İlkel toplumdan günümüz “modern” dünyasına, gencin elli metre yüksekten burnu toprağa değecek kadar kaldırıp atılması, karanlık ormanlarda belli bir süre yalnız bırakılması, sünnetten askerliğe, okuldan geçerli terbiye kurallarına yolculuklara çıkarılması, hatta başaramadığı sürece “Adsız” bırakılması bundandır. Siz bu listeye işsizlikten idamlara, kızların zorla evlendirilmesinden nihayet okullarının kapısına kelepçe takılmasına, sayısız “ders ve ibret” örneği ekleyebilirsiniz. Dinlerden yasalara, geleneklerden gündelik deyimlere yapılacak bir yolculuk, önceki kuşaklarınneredeyse tek derdinin, “genç ve gençlik” olduğunu kanıtlar. O kadar uzağa gitmenize de gerek yok, geçmişte yaşadıklarınıza, bugün bir gence nasıl yaklaşıp, neler dayattığınıza bakmanız yeterli olacaktır. Size işlerine geldikleri zaman “Daha dur bakalım, daha çocuksun” derken, iki dakika sonra ve neden “Koca adam oldun!” dediler mesela? Siz bir çocuğa ve gence karşı, günde kaç kez aynı ikiyüzlü davranışı gösteriyorsunuz? Bir düşünün derim.
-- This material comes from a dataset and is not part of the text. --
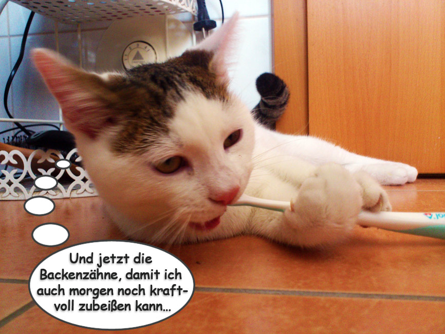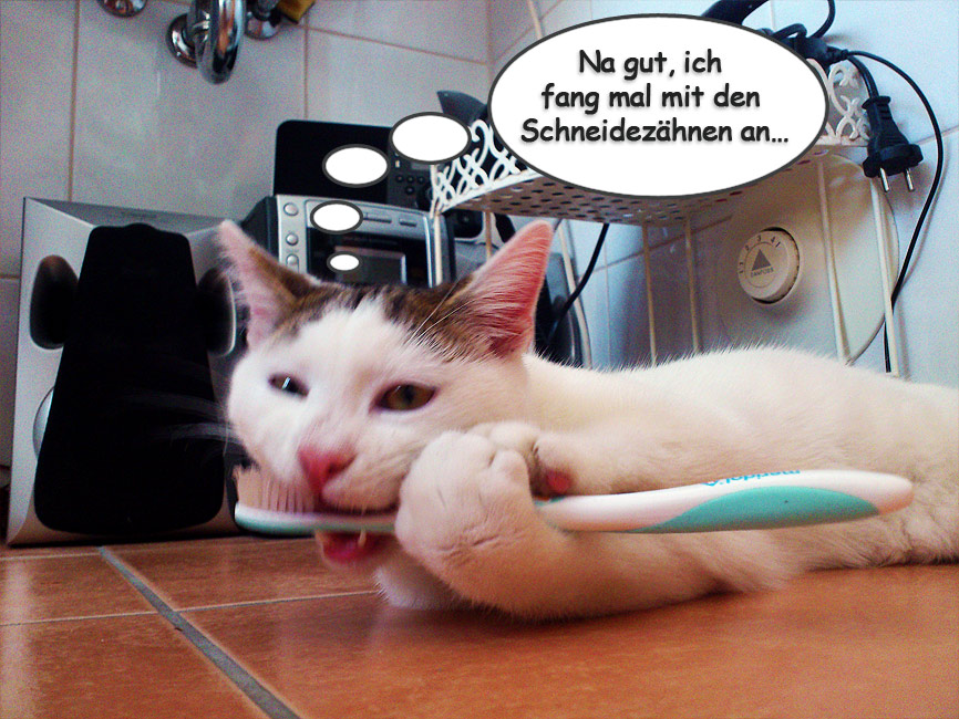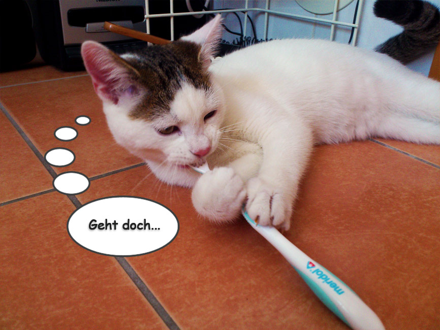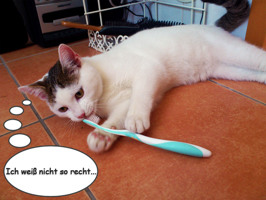 Gesunde Zähne sind die Grundlage für die allgemeine Gesundheit Ihrer Katze. Leider lassen sich nur wenige Katzen – wie der hier gezeigte Kater Undo – zum täglichen Zähneputzen animieren.

Gençlik, yalnızca bedene özgü bir süreç de değildir. Akımlar da yaşlanır ve genç arayışlar yenilerini ortaya çıkarırken, eskiler -yetkinlikleri oranında- birer tür-akım örneği olarak insanlığın belleğindeki yerlerini alırlar. Merak eden, Nazım Hikmet’ten Bauhaus’a, Epik Tiyatro’dan Yeni Dalga Sinemaya, her sanat dalındaki nice örneğe şöyle bir bakıversin. Bilimdeki baş döndürücü gelişmeler, işte o genç yaklaşımlar sayesindedir. Örneğin, gençliğe öfkesini uzaya mekik gönderecek yetkinlikteki cep telefonundan dillendirirken, onu yaratan enerji, o enerjiye fırsat tanıyan değerler unutulmamalıdır. İşte o enerjiye “gençlik” denir.
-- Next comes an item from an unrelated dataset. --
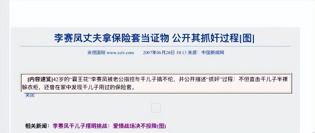 2007年,42岁的李赛凤被曝和养子有染,富豪丈夫的曝料可信么?

İlerleme tüm gücünü gençlik tavrından, arayışından, merak ve sorgulamasından alırken, biricik ocağı üniversiteyi, özgürlük-özerklik-bağımsızlık kalesi olarak görür. Bu aydınlanma kalesinin, sık sık devletin, iktidarın, kamunun “gençliğe bakış” kalibresini sergilemek, boy aynası tutmak gibi bir alışkanlığı vardır. Ölçütleri demokrasidir, çağdaşlıktır, özgürlüktür, laikliktir, ilerlemeye ve gençliğe duyulan saygıdır. Çok karışık olduysa, Söylev’in son sayfasını okuyup, yazarının ömrü boyunca söyleyip eylediklerine bakıp, bir ülkenin kurtuluş meşalesinin yakıldığı günün, neden gençliğe armağan edildiği düşünülmelidir.Çok iyi bir derstir, kaçırmayın, kaçıranlardan olmayın. Metallica bile yardım edemez, bizden söylemesi.